= Quantum cellular automaton =

Abstract model of quantum computation

A quantum cellular automaton (QCA) is an abstract model of quantum computation, devised in analogy to conventional models of cellular automata introduced by John von Neumann.

The same name may also refer to quantum dot cellular automata, which are a proposed physical implementation of "classical" cellular automata by exploiting quantum mechanical phenomena. QCA have attracted attention in nanofabrication, due to its extremely small feature size (at the molecular or even atomic scale) and ultra-low power consumption. This makes it a candidate for replacing CMOS technology.

== Usage of the term ==
In the context of models of computation or of physical systems, quantum cellular automaton refers to the merger of elements of both (1) the study of cellular automata in conventional computer science and (2) the study of quantum information processing. In particular, the following are features of models of quantum cellular automata:
- The computation is considered to come about by parallel operation of multiple computing devices, or cells. The cells are usually taken to be identical, finite-dimensional quantum systems (e.g. each cell is a qubit).
- Each cell has a neighborhood of other cells. Altogether these form a network of cells, which is usually taken to be regular (e.g. the cells are arranged as a lattice with or without periodic boundary conditions).
- The evolution of all of the cells has a number of physics-like symmetries. Locality is one: the next state of a cell depends only on its current state and that of its neighbours. Homogeneity is another: the evolution acts the same everywhere, and is independent of time.
- The state space of the cells, and the operations performed on them, should be motivated by principles of quantum mechanics.
Another feature that is often considered important for a model of quantum cellular automata is that it should be universal for quantum computation (i.e. that it can efficiently simulate quantum Turing machines, some arbitrary quantum circuit or simply all other quantum cellular automata).
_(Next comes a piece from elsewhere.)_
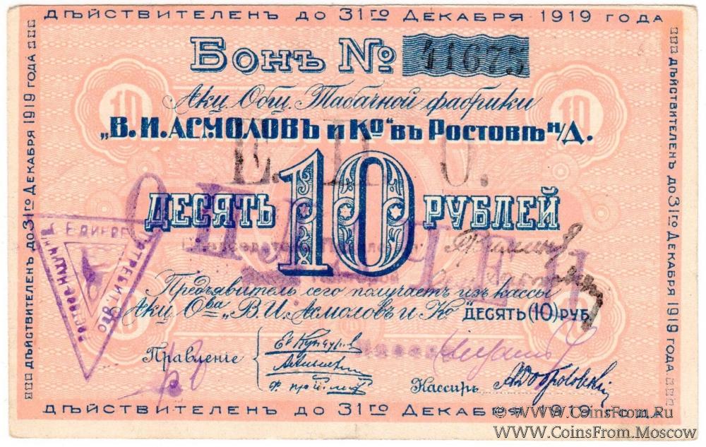 Бон Акционерного Общества Табачной фабрики "В.И. Асмолов и Ко".

Models which have been proposed recently impose further conditions, e.g. that quantum cellular automata should be reversible and/or locally unitary, and have an easily determined global transition function from the rule for updating individual cells. Recent results show that these properties can be derived axiomatically, from the symmetries of the global evolution.

== Models ==

===Early proposals===
In 1982, Richard Feynman suggested an initial approach to quantizing a model of cellular automata. In 1985, David Deutsch presented a formal development of the subject. Later, Gerhard Grössing and Anton Zeilinger introduced the term "quantum cellular automata" to refer to a model they defined in 1988, although their model had very little in common with the concepts developed by Deutsch and so has not been developed significantly as a model of computation.

===Models of universal quantum computation===
The first formal model of quantum cellular automata to be researched in depth was that introduced by John Watrous. This model was developed further by Wim van Dam, as well as Christoph Dürr, Huong LêThanh, and Miklos Santha, Jozef Gruska. and Pablo Arrighi. However it was later realised that this definition was too loose, in the sense that some instances of it allow superluminal signalling. A second wave of models includes those of Susanne Richter and Reinhard Werner, of Benjamin Schumacher and Reinhard Werner, of Carlos Pérez-Delgado and Donny Cheung, and of Pablo Arrighi, Vincent Nesme and Reinhard Werner. These are all closely related, and do not suffer any such locality issue. In the end one can say that they all agree to picture quantum cellular automata as just some large quantum circuit, infinitely repeating across time and space. Recent reviews of the topic are available here.

===Models of physical systems===
Models of quantum cellular automata have been proposed by David Meyer, Bruce Boghosian and Washington Taylor, and Peter Love and Bruce Boghosian as a means of simulating quantum lattice gases, motivated by the use of "classical" cellular automata to model classical physical phenomena such as gas dispersion. Criteria determining when a quantum cellular automaton (QCA) can be described as quantum lattice gas automaton (QLGA) were given by Asif Shakeel and Peter Love.

===Quantum dot cellular automata===

A proposal for implementing classical cellular automata by systems designed with quantum dots has been proposed under the name "quantum cellular automata" by Doug Tougaw and Craig Lent, as a replacement for classical computation using CMOS technology. In order to better differentiate between this proposal and models of cellular automata which perform quantum computation, many authors working on this subject now refer to it as "quantum dot cellular automaton".

=== Models of particle physics ===
Many QCAs that simulate quantum field theories in the continuum limit have been devised, and some of them are variants of QCAs on fermionic cells—the so-called Fermionic Cellular Automata (FCA). The simplest ones are Dirac QCAs that, for low-momentum and low mass regime, behave like a Dirac particle. The massless version of one of the Dirac QCAs, also known as Weyl QCA, was shown to reproduce the dynamics and statistics of the electromagnetic field in vacuum. Some other QCAs that simulate quantum electrodynamics have also been constructed. However, there remain some problems with these models. For instance, it is not clear how to define a free Dirac vacuum in such models that is stable.